O secretário regional da Saúde dos Açores assinou hoje protocolos de meio milhão de euros para o combate à toxicodependência e anunciou mais 100 mil para novos programas de prevenção, prometendo "uma mudança de paradigma" no financiamento desta área.

"Hoje é dado um passo para redefinir as estratégias e também uma alteração clara do paradigma de financiamento por parte do Governo nas parcerias na área da saúde e da área da segurança social, já que o investimento passa a ser feito directamente por utente num conjunto agregado de serviços", disse Luís Cabral.

o titular pela pasta da Saúde nos Açores falava na assinatura de protocolos de cooperação com a Associação Regional de Reabilitação e Integração Sociocultural dos Açores – ARRISCA, no montante de meio milhão de euros para o combate às toxicodependências.

À margem da assinatura dos protocolos, disse ainda aos jornalistas que vai ser lançado "em breve” um programa, "em parceria com as escolas, para evitar a exposição dos mais jovens ao fumo do tabaco".

Luís Cabral disse que o protocolo hoje assinado "altera um pouco o paradigma dos habituais financiamentos" dentro desta área, salientando que o executivo açoriano vai apostar numa distribuição das verbas disponíveis por investimento por utente.
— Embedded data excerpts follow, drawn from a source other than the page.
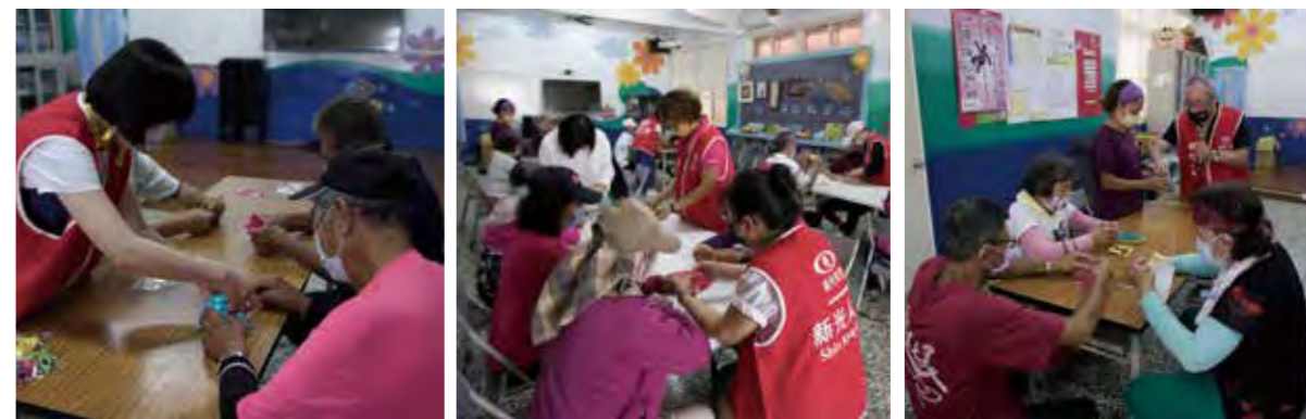
新光人壽員工陪伴銀髮長者摺製紙藝品，希望藉由手工藝創作訓練手眼協調及大腦等器官的活絡，促進長者身體健康。

據點遍部全台，始終以「在地的新光，道地的服務」的精神理念回饋社會，長年支持澎湖國際海上花火節、台中大甲媽祖遶境進香、台南鹽水蜂炮、南投日月潭泳渡、彰化田中馬拉松、嘉義國際管樂節等地方特色活動，期望藉此能促進在地經濟發展並凝聚社區意識，未來新光人壽將持續以各種方式回饋地方，創造社會共好，永續社會發展。
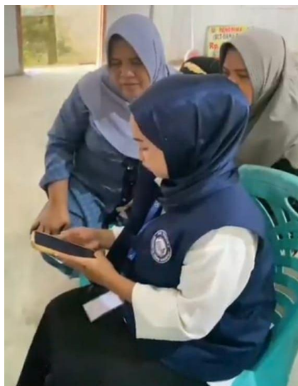
Gambar 4. Pembuatan Aplikasi SI APIK

Pelaksanaan pengabdian berlangsung sangat interaktif dan beberapa mitra sasaran langsung menanyakan manfaat operasional aplikasi pencatatan digital ini, dimana pengurangan waktu pencatatan per transaksi menunjukkan bahwa aplikasi membawa efisiensi administrasi. Hal ini penting agar mitra sasaran tidak terbebani pencatatan dan bisa lebih fokus pada produksi dan pemasaran. Studi kasus penggunaan aplikasi pembukuan online pada UMKM sakato menunjukkan bahwa kemudahan pencatatan real-time sangat memudahkan pemilik usaha dalam memantau kondisi keuangan usaha mereka (Widjojo dkk., 2023). Peran inkubator bisnis memberikan nilai tambah yang bukan sekedar
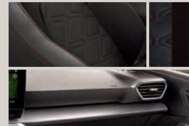
KŮŽE NAPPA FR
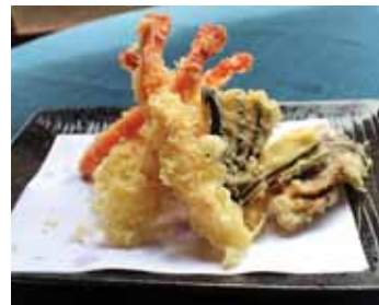
501. 5pcs Crevettes & 5pcs Legumes 5pcs Ebi & 5pcs Vege Chf 22.00
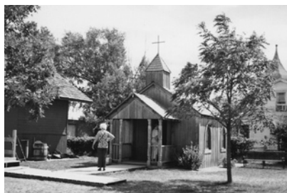
ローラが通った教会

村内には、ローラの通った〈ワン・ルーム小学校〉があり、机が12ほどあって、前の机には、LAURAと自筆で記した石板が机の上に置いてあった。学校の傍らにはカンザスからミネソタまでの遠い道りを走ってきた古い幌馬車が見られた。村にはちいさな教会があり、そのむこうに、水が澄み、さささわと囁いている流れがあり、ちいさなクリークがあった。
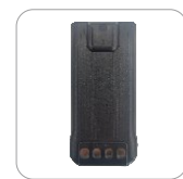
Batería de Li-Ion 1500 mAh
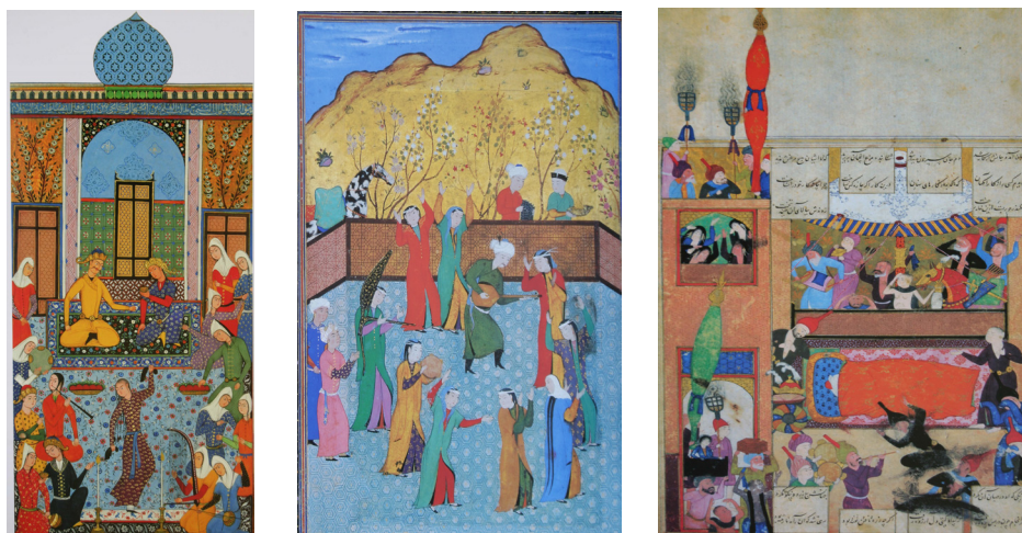
تصویر ۴ (راست) - مرگ اسکندر (خمسه نظامی).
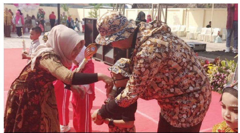
Foto Samping: Walikota Mojokerto Hj Ika Puspita saat memberikan hadiah dan ucapan selamat bagi usia dini yang berprestasi

Menurut Ning Ita, untuk naik kategori diperlukan beberapa indikator yang harus ditingkatkan. "Penyumbang dari kenaikan
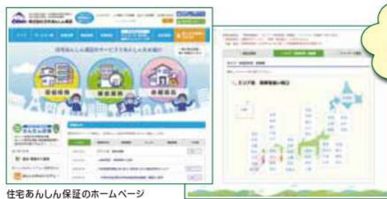
住宅あんしん保証のホームページ

住宅あんしん保証および一般社団法人 住宅瑕疵担保責任保険協会のホームページに、保険に加入できるリフォーム工事業者の会社名、連絡先や保険付保実績等が公表されます。
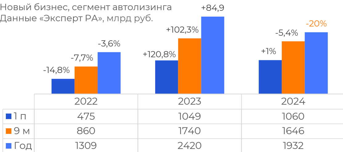
Новый бизнес, сегмент автолизинга Данные «Эксперт РА», млрд руб.
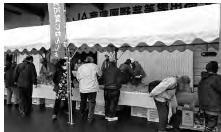
▲即売会開始とともに大勢の人が来場しました

自然薯は「山菜の王者」とも言われ、栄養価も高く阿賀町の特産品の一つとして広く知られています。会場には贈答用のものから手頃な大きさにカットされた自家用のものなどがテーブルいっぱいに並び、朝から大勢の人が来場して自然薯や地元の農産物などを買っていました。
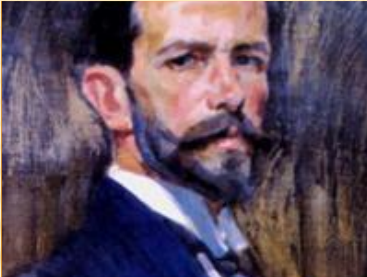
О.МУРАШКО. «АВТОПОРТРЕТ». 1918..

Олександр МУРАШКО (1875-1919) – гордість українського образотворчого мистецтва, чудовий живописець, вправний портретист. Один з небагатьох українських художників, що зумів органічно поєднати кращі надбання французького імпресіонізму, елементи модерну і ґрунтовну реалістичну школу Петербурзької Академії мистецтв, створивши свій неповторний мистецький стиль. Олександр Мурашко - художник, мистецтво якого «народжувалось на зламі епох», коли митці докорінно переосмислювали естетичні ідеали і погляд на закони творчості.

"Ou seja, o acordo hoje reflecte um investimento previsível por utente para financiar o seu tratamento conjunto", disse, explicando que o tratamento de cada utente "tem um preço variável" consoante seja presencial na sede da instituição ou nas unidades móveis.

Para o secretário regional da Saúde, o investimento "não pode passar apenas por programas de prevenção" e disse que o Governo Regional "está a investir cada vez mais nos programas que dão garantia de retorno e com impacto na população".

Luís Cabral salientou ainda que o Governo açoriano pretende também "colaborar mais com as entidades nacionais e internacionais" que têm programas desenvolvidos nesta área.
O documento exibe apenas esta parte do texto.